AKB49: Renai Kinshi Jourei is the first manga to be based on the group AKB48, although some of its members have been featured in the manga Den no Uyugi Club and Ugirino.

====Volume list====

| No. | Japanese release date | Japanese ISBN |
|---|---|---|
| 1 | 17 December 2010 | 978-4-06-384425-2 |
| 2 | 17 March 2011 | 978-4-06-384465-8 |
| 3 | 17 June 2011 | 978-4-06-384511-2 |
| 4 | 16 September 2011 | 978-4-06-384554-9 |
| 5 | 17 November 2011 | 978-4-06-384586-0 |
| 6 | 17 January 2012 | 978-4-06-384618-8 |
| 7 | 16 March 2012 | 978-4-06-384648-5 |
| 8 | 17 May 2012 | 978-4-06-384676-8 |
| 9 | 17 July 2012 | 978-4-06-384709-3 |
| 10 | 14 September 2012 | 978-4-06-384740-6 |
| 11 | 16 November 2012 | 978-4-06-384769-7 |
| 12 | 15 February 2013 | 978-4-06-384816-8 |
| 13 | 17 April 2013 | 978-4-06-384849-6 |
| 14 | 17 June 2013 | 978-4-06-384881-6 |
| 15 | 16 August 2013 | 978-4-06-394914-8 |
| 16 | 17 October 2013 | 978-4-06-394945-2 |
| 17 | 17 December 2013 | 978-4-06-394985-8 |
| 18 | 17 February 2014 | 978-4-06-395010-6 |
| 19 | 17 April 2014 | 978-4-06-395053-3 |
| 20 | 17 June 2014 | 978-4-06-395106-6 |
| 21 | 17 September 2014 | 978-4-06-395189-9 |
| 22 | 17 November 2014 | 978-4-06-395245-2 |
| 23 | 17 February 2015 | 978-4-06-395291-9 |
| 24 | 17 April 2015 | 978-4-06-395373-2 |
| 25 | 17 June 2015 | 978-4-06-395417-3 |
| 26 | 17 September 2015 | 978-4-06-395487-6 |
| 27 | 17 November 2015 | 978-4-06-395537-8 |
| 28 | 15 January 2016 | 978-4-06-395582-8 |
| 29 | 17 March 2016 | 978-4-06-395624-5 |

===Stage play===
The first five volumes of the manga were adapted for a stage play, directed by Kayano Isamu. The play was performed from September 11 to September 16, 2014, in Shibuya AiiA Theater in Tokyo. Various members of AKB48 and its sister groups were cast for the musical, with Sae Miyazawa taking the male lead role of Minoru. Other main cast roles are played by Akari Suda (Ai Okabe), Mako Kojima, and Nana Owada (sharing the role of Hiroko).
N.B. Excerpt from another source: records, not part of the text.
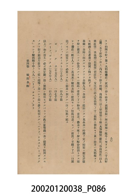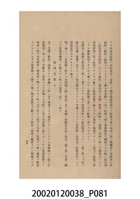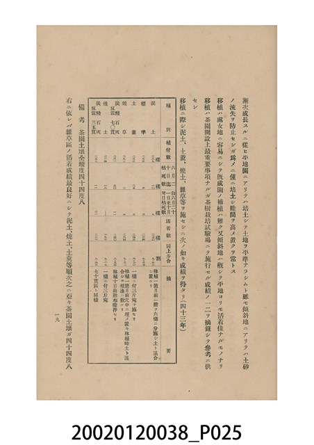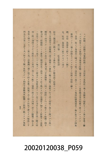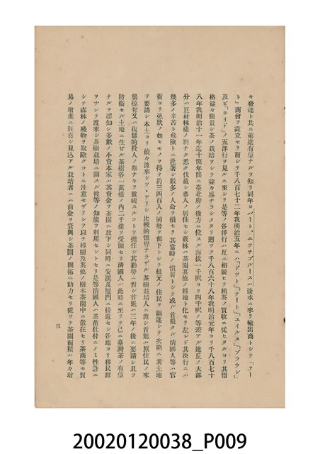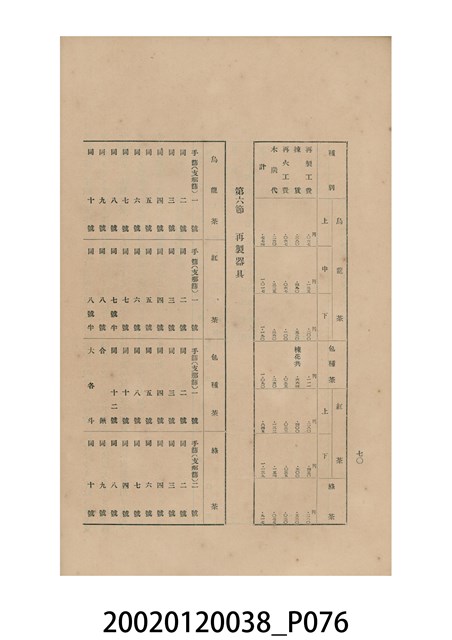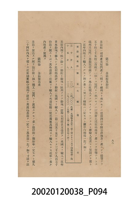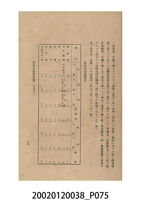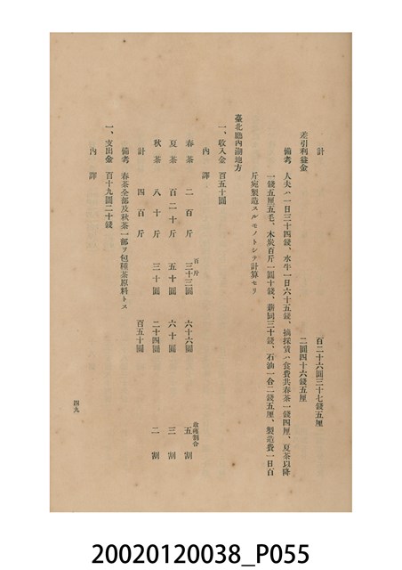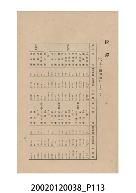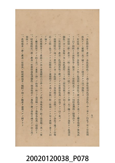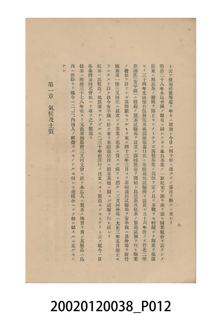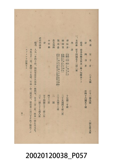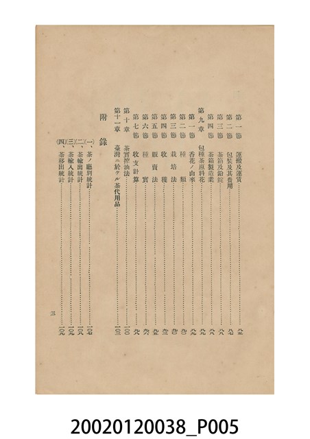1.本物件是臺灣總督府民政部殖產局於大正4年(1915)3月30日出版的《臺灣茶業一班》,印刷單位為位於臺北城內的小塚印刷工廠。該書大致上保存良好,內頁清楚,唯附著髒污與黃斑,整本書以日文書寫,並搭配數個相對應表格及些許圖表。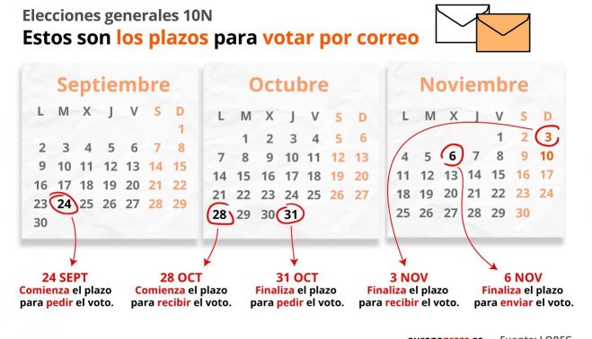 Comienza el calendario para las elecciones del 10N: el plazo para solicitar el voto por correo comenzará el próximo 24 de septiembre, el mismo día en el que el BOE publica la disolución de las Cortes y la convocatoria de elecciones, y finaliza el décimo día anterior a los comicios, es decir, el 31 de octubre.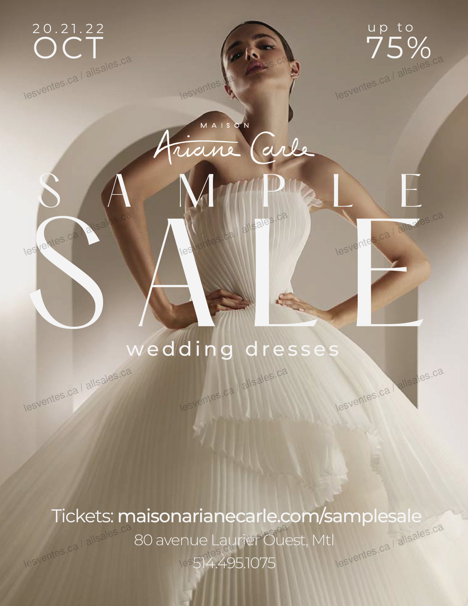 Up to 75% off - 3 days only! From October 20th to 22nd. A large selection of wedding dress samples from different designers’ collections such as Pronovias, Mikaella, Justin Alexander and Paloma Blanca.
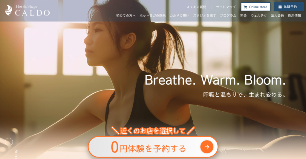 全国展開の大手ホットヨガスタジオ。初心者向けプログラムが豊富で、インストラクターのサポートも手厚いのが魅力。

On January 10, 2015, it was announced that a second edition of the musical would be performed by March in Nagoya, this time focusing on a cast of actors chosen exclusively from sister group SKE48. The main cast roles would be played by Nao Furuhata (as Minoru Urayama), Akane Takayanagi (as Ai Otabe), Ryoha Kitagawa and Ami Miyamae (double cast as Hiroko Yoshinaga).